Secondly, in response to GG consumption we observed an increase in hepatic ABCG5/G8 mRNA and protein expression and biliary cholesterol concentration in comparison to the control-fed pigs (Rideout 2007; Rideout and Fan 2008). Traditionally, by interfering with the enterohepatic circulation and intestinal uptake of bile acids, soluble fiber consumption is believed to modulate whole-body cholesterol excretion through stimulation of cholesterol catabolism to bile acids (Trautwein et al 1998). However, an additional quantitatively important route of cholesterol excretion occurs through the biliary secretion and eventual fecal loss of free cholesterol (Spritz et al 1965). Our recent data suggest that the stimulation of biliary free cholesterol secretion through hepatic ABCG5/G8 may exist as a novel mechanism by which GG consumption stimulates whole-body cholesterol loss and effectively reduces plasma cholesterol concentrations (Rideout 2007; Rideout and Fan 2008).

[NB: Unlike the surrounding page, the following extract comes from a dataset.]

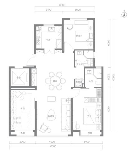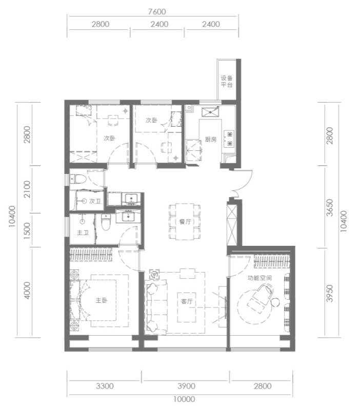 117m²四室两厅两卫,户型方正,通透格局。主卧、次卧、客厅南向三开间,采光通风俱佳。主卧套房设计,尽享专属私密空间。北向双空间,灵动可变,满足家庭成长空间需求。
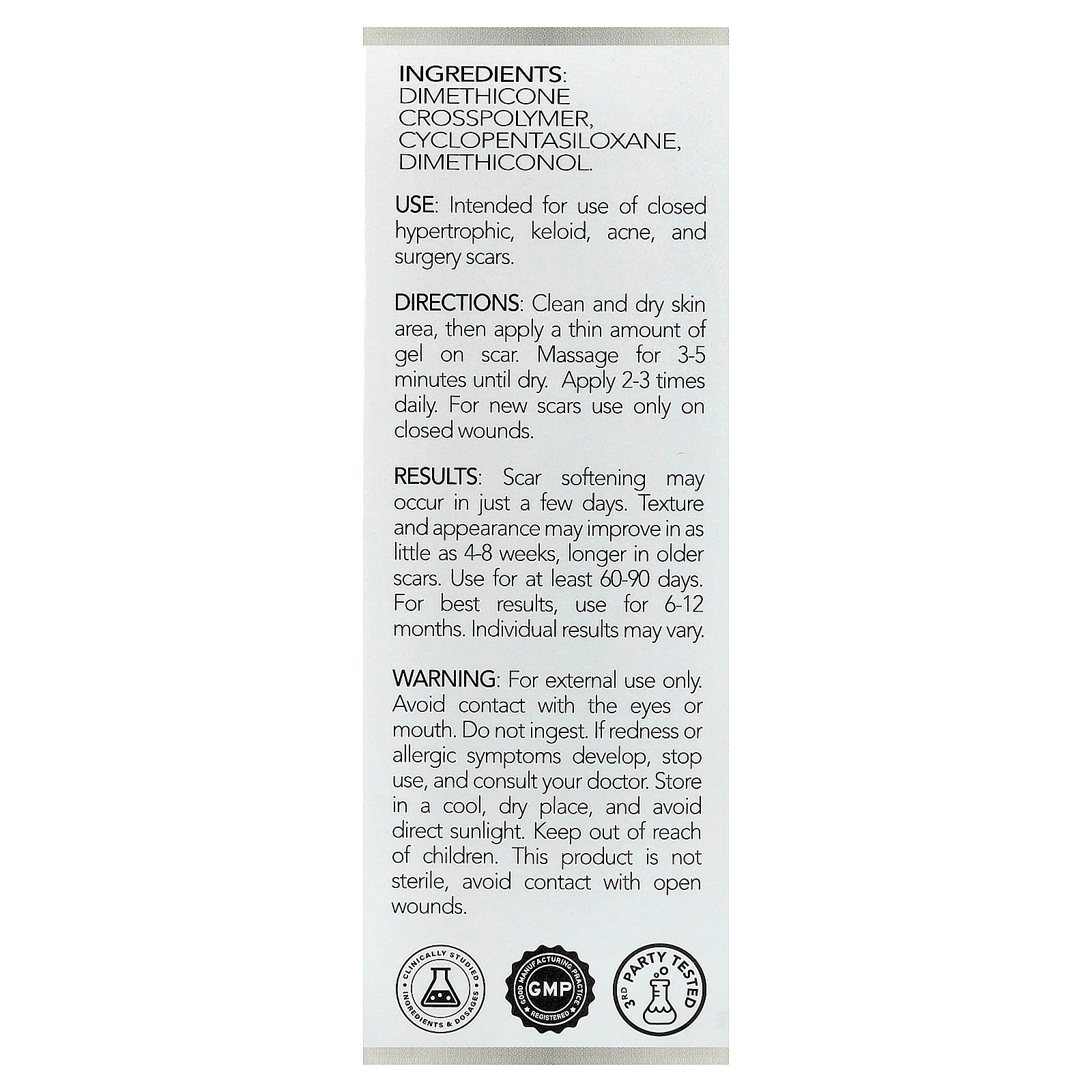 Clean and dry skin area, then apply a thin amount of gel on scar. Massage for 3-5 minutes until dry. Apply 2-3 times daily. For new scars use only on closed wounds.

Both targeted traditional molecular approaches and novel high-throughput technology may be employed to gain a more comprehensive understanding of how dietary soluble fiber consumption regulates gene and protein express patterns. Unlike other dietary bioactive components that are thought to directly regulate the transcription of hepatic cholesterol-responsive genes (Mezei et al 2003), dietary fiber components are not absorbed from the gastrointestinal tract and therefore are generally thought to influence hepatic cholesterol homeostasis through secondary signaling systems and metabolites (Fernandez 1995). Therefore, to fully delineate the molecular events by which soluble fiber consumption modulates peripheral cholesterol metabolism, it will be critical to determine the molecular signals that are involved in mediating these secondary effects.

Conclusions

Although dietary fiber may be considered a ‘dinosaur’ among other functional foods, it should not be perceived as extinct. The future relevance of functional fiber-based foods will depend on the ability to integrate consumer health concerns with a comprehensive understanding of the health benefits and disease-prevention potential of unique varieties of soluble fibers. Due to the specific physical-chemical attributes that are associated with fibers that originate from different plant sources and produced with alternative processing technologies, dietary fibers are unique functional ingredients that have wide-ranging appeal in the functional food community. While the hypocholesterolemic effects associated with soluble fiber consumption are clear, a comprehensive understanding of these effects, particularly at the molecular level, will require additional exploration. Advances in understanding the variable interindividual response to dietary soluble fibers and the effect of fiber consumption on expression patterns at the gene, protein and metabolite level will advance through application of traditional molecular tools and novel high-throughput technology. Detailed knowledge of the mechanisms by which different soluble fibers reduce plasma cholesterol concentrations is paramount to developing novel fiber-based “cocktails” and portfolio-type diets that target specific metabolic pathways to gain maximal cholesterol reductions.